Several of those in attendance Monday felt the addition of a girls high school soccer team should be a big draw for Oregon-Davis, but noted that students have to go elsewhere to play football and other sports.
Some suggested that the best way to address recruitment and retention would be to hire an outside consultant who specializes in those matters. But Board President Chris Lawrence doubted it would help. “We’ve reached out to a couple different people,” Lawrence said, “and they’re like, ‘Oh yeah, you can send us money. You can send us money and hire us, but we’ll tell you, you have a housing shortage and the time zone.’ They said, ‘Hire us. Go ahead and pay us, but we can tell you right now, Oregon and Davis townships in Starke County have a housing problem.’ We don’t have houses.” The apparently-low birth rate throughout the surrounding region was also cited as a challenge.
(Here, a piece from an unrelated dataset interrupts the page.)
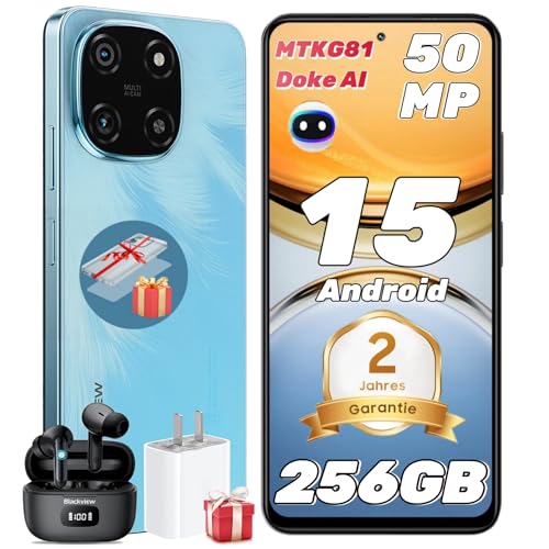 Blackview Wave 8 Téléphone Portable, Android 15 Smartphone Pas Cher Écran 6.56" HD+ Display, 12GB+128GB/ 2 TF Smartphone, Double SIM/5000mAh/Octa-Core/90Hz/13MP+8MP/Fingerprint/GPS/OTG/2Ans Garantie

Others felt recruitment and retention needs to start with parents. They noted that negative perceptions can spread quickly on Facebook, and they challenged parents to share the positive things about the school corporation online.
Still, Board Member Hinds assured those in attendance that the school board will be discussing recruitment in the next couple weeks. “I have pushed hard for a workshop,” he said. “It’s going to be financial, and it’s going to be enrollment-driven. I think the date is scheduled, July 10. I’ve sent out numerous emails. We’re having it. We have to have something here to sell that people want.”
The work session will also feature a facilities tour and discussions about the corporation’s strategic plan. It will be held July 10 at 6:00 p.m.